The plague or the black death
, Noueihed says that the sweeping plague that swept the continent and the Mediterranean basin between (1348-1393 AD) led to a partial disruption of trade through the Silk Road, and contributed to the decline in production, undermining the pension, low population, expanding poverty, widespread famines, chaos, and fear of the afterlife ( The end of man and the universe), retreating to superstitions and seeking miracles to save themselves from worldly destruction. 

Noueihed explains that the plague had a positive role, when he urged the European elite to think and search for a cure to fight the disease. 

Noueihed considered that this stage constituted a great irony, as he entered the Islamic world in a state of inactivity and surrender to the disease. 

Noueihed added that the plague shock constituted a step in the interest of the European side, as steps would be followed by further progress in the knowledge and urban circles. The challenge encouraged the European elite to make efforts to develop medicine and laboratories and invent drugs to stop the epidemic from spreading. 

This scientific aspect of development prevented the Church from interfering because of its need for a medical discovery that would reduce the continent's panic and its extinction.

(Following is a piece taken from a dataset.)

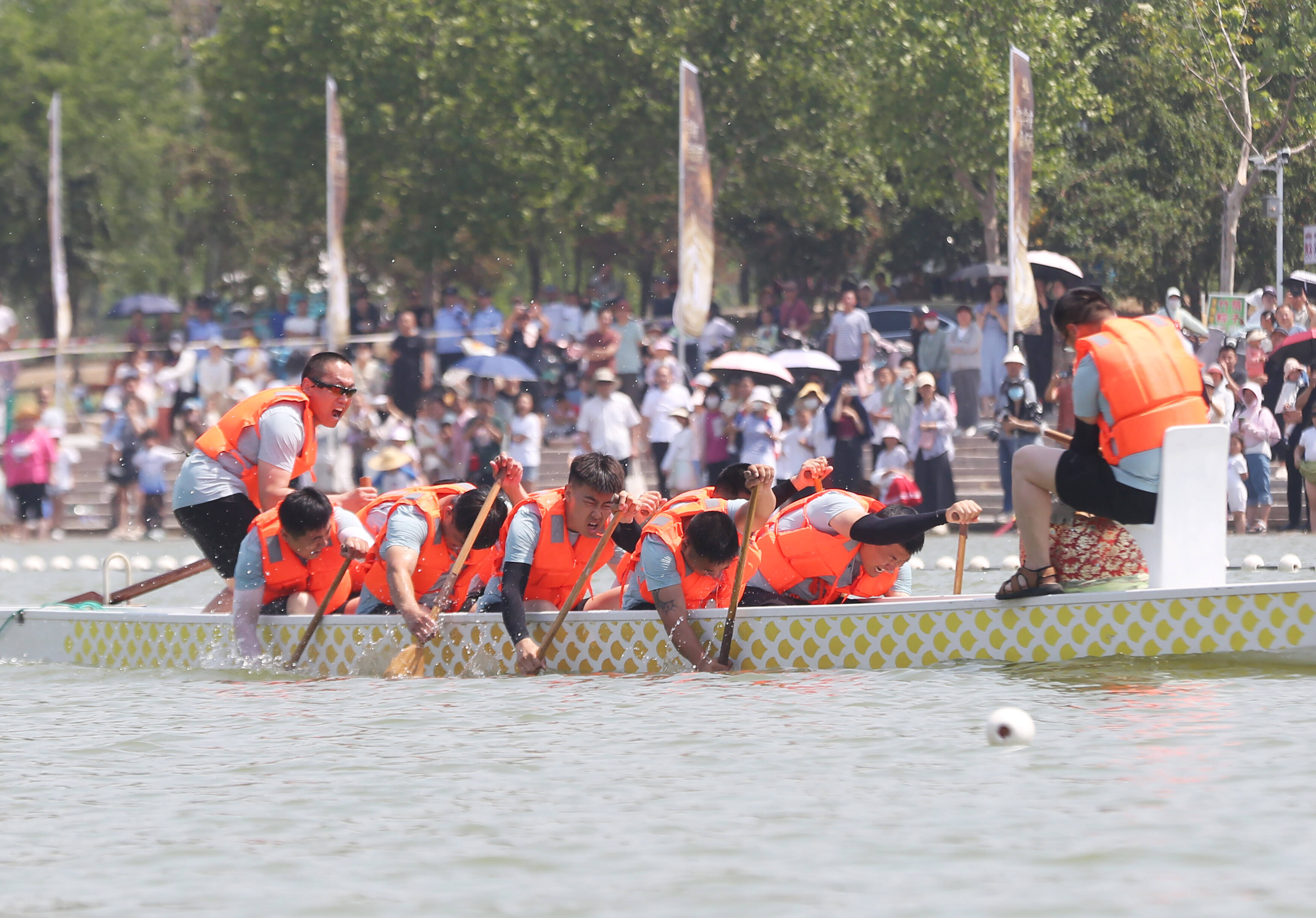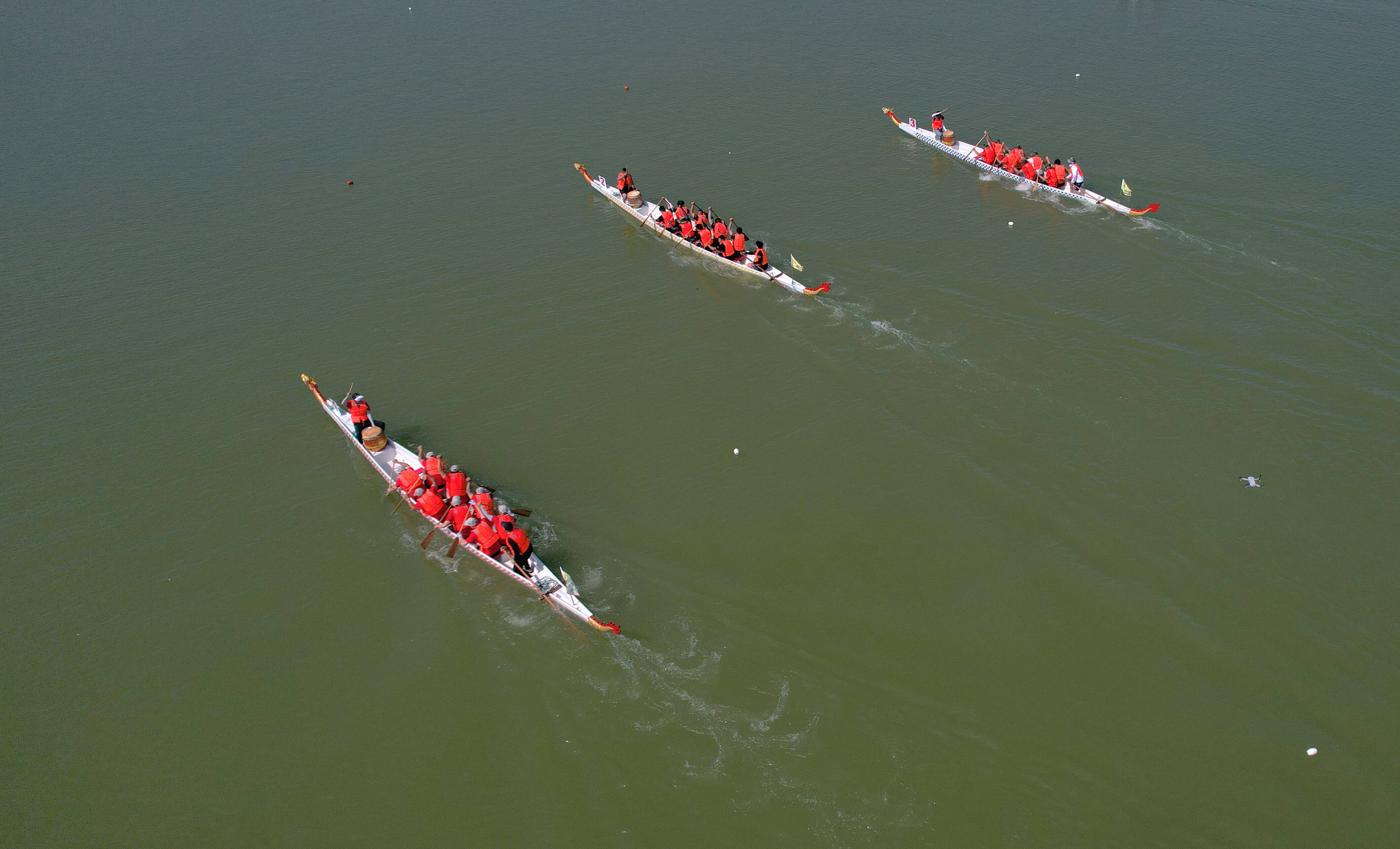 龙舟队在滨州市中海水利风景区水面奋力划桨

Noueihed explains that the plague pandemic was a disaster for Islamic civilization in the Levant and the Maghreb, including the countryside, cities, trade and agriculture, which was afflicted by dead, atrophied and drought, and the extinction of a segment of the elite in a period of time spanning half a century, and what happened in Europe is similar to those descriptions, but Europe She succeeded in controlling the pandemic and dealt with the repercussions of the epidemic, which gave her an opportunity to outpace the competitive force in the opposite bank of the Mediterranean, according to the author’s recent interview with Al Jazeera Net.

The era of rationality.
The author monitors the ship's role in the European renaissance. Henry Al-Fateh (1394-1460) supervised a plan to organize the discovery of water crossings in the Atlantic Ocean, benefiting from the development of shipbuilding in the commercial Mediterranean cities. 

Later, Noueihed explains, Vasco de Gama’s discovery of India’s path in 1498 came after important political, cognitive and geographical transformations. On the political side, Spain succeeded in ending the Islamic presence in Europe with the fall of the Principality of Granada in 1492. This is the year in which Christophe Columbus succeeded in penetrating the ocean. The Atlantic and reaching America without knowing that it has made the most important geographical achievement in contemporary human history.   

Noueihed believes that the declining role of the Church in European societies and the relatively weak prestige of the clergy (the priestly system) was the beginning of the era of the European elite with distinction in the 17th century, as the works and writings of Bacon, Galileo, Hobbes, and Descartes shined as well as Pascal, Spinoza, Newton, and Locke And Leibniz ... had it not been for them, Europe would not be the way we know it now.